1003. Athlete Care and Clinical Medicine - age group and gender issues Scientific Abstract

1745 - Cardiac Remodeling In Child And Adolescent Athletes In Association With Sport Discipline And Sex.

Session Type
Free Communication/Poster
Session Name
C-48 - Cardiovascular
Session Category Text
Athlete Care and Clinical Medicine
Disclosures
 P. Brecht: None.

Abstract

Continuous high training loads are associated with structural cardiac adaptations and development of an athletic heart in adult athletes, especially in sport disciplines with high dynamic training components. In child and adolescent athletes these effects are increasingly reported. However, study populations are still very small. PURPOSE: To determine cardiac dimensions indicating cardiac remodeling in child and adolescent athletes.
METHODS: M Mode echocardiographs of 1021 athletes (m 575, f 446; 8-18 yrs; body surface area (BSA) 0.88-2.0 m²) from 19 sport disciplines were analyzed retrospectively. Sport disciplines were clustered into 9 groups according to Mitchell, categorizing sports by components of dynamic and static training loads. Groups were analyzed separately. Previous organized sporting experience (at least 3-13 yrs) was a requirement for inclusion. Left ventricular diameter (LVEDD), interventricular septal (IVS) and posterior wall (PW) thickness at end-diastole were analyzed and compared to cardiac z Scores (zS) for central European children. Deviations from normal mean (zS = 0) were defined as difference. Data was analyzed descriptively (median ± SD), Bland-Altman analysis was performed. RESULTS: For all analyzed parameters, athletic children and adolescents showed higher median zS though large deviations from the normal mean (zS>1.88) were only seen in single cases. Differences in sport discipline and sex were discovered.

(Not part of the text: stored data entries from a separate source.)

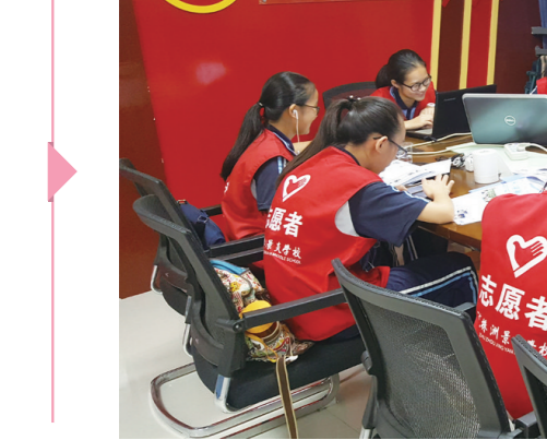
“一心双环”团组织格局有序形成。

青年社会组织蓬勃发展。株洲市青年社会组织孵化基地建设以来,累计孵化青年社会组织43家,站外培育68家,积极推介志愿服务项目。“雨润新芽·花季护航”关爱青少年儿童成长项目荣获“第二届中国青年公益创业大赛金奖”,“稻香农人行动”驻校社训项目荣获“第三届全国青年志愿服务项目大赛银奖”。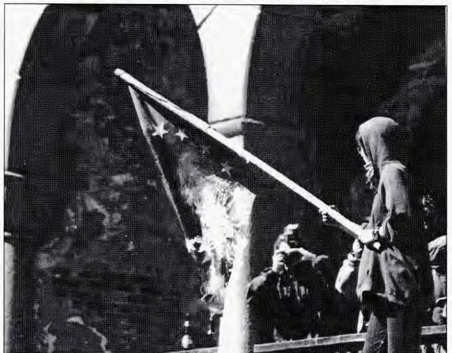
Ein kan vise EU-motstand på fleire vis.

Imperialistane får hjelp av eit skitt av byråkratar, politikarar og teknokratar som utgjer ei femte-kolonne innafor Noregs grenser. Folk i DNA, departementa, Telenor, Konkurransetilsynet og mange andre stader spreider kvar dag propaganda for at “internasjonalisering” er unngåeleg, og at EUs politikk er einaste moglege politikk. Desse folk lyder instinktivt direktiv frå Bryssel, sjølv om me ikkje er med i Unionen. Dei set til sides Stortinget si mening, dersom det norske demokratiet kræsjar med det EU-ske teknokratiet.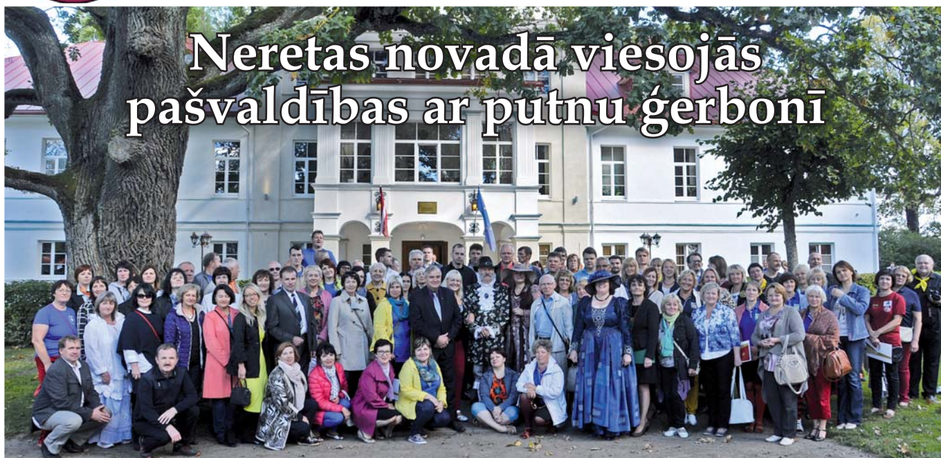
Putnu pašvaldību pārstāvji vienojoties kopīgā foto pie Ērberģes muižas.

“Visim ligzdas Neretā!” Ar šādu nosaukumu 16. septembrī Neretas novadā tika aizvadīts XV putnu pašvaldību – novadu, pilsētu un pagastu salidojums. Plānošanas un gatavošanās darbi norisinājās jau krievu laiku iepriekš. Neretas novads vienā dienā sen nebija uzņēmies tik daudz viesu.

Throughout all disciplines, boys showed higher zS compared to girls (LVEDD 0.48±0.96 vs 0.22±0.92; IVS 0.47±0.99 vs 0.29±1.05; PW 0.53±0.76 vs 0.08±0.76), especially in disciplines with high dynamic training loads (Mitchel C I-III). Additionally, high zS were observed in the group of athletes with the highest static and low dynamic training load (Mitchell A III). CONCLUSIONS: Cardiac remodeling in response to athletic training starts at a young age, especially in boys exposed to high dynamic as well as static training loads. The development of zS for young athletes is essential to determine whether zS above the mean in this group are physiological adaptations or the beginning of pathologies. Differences between boys and girls and the high zS in boys with high static training loads indicate an association between fat free mass and cardiac dimensions stronger than BSA.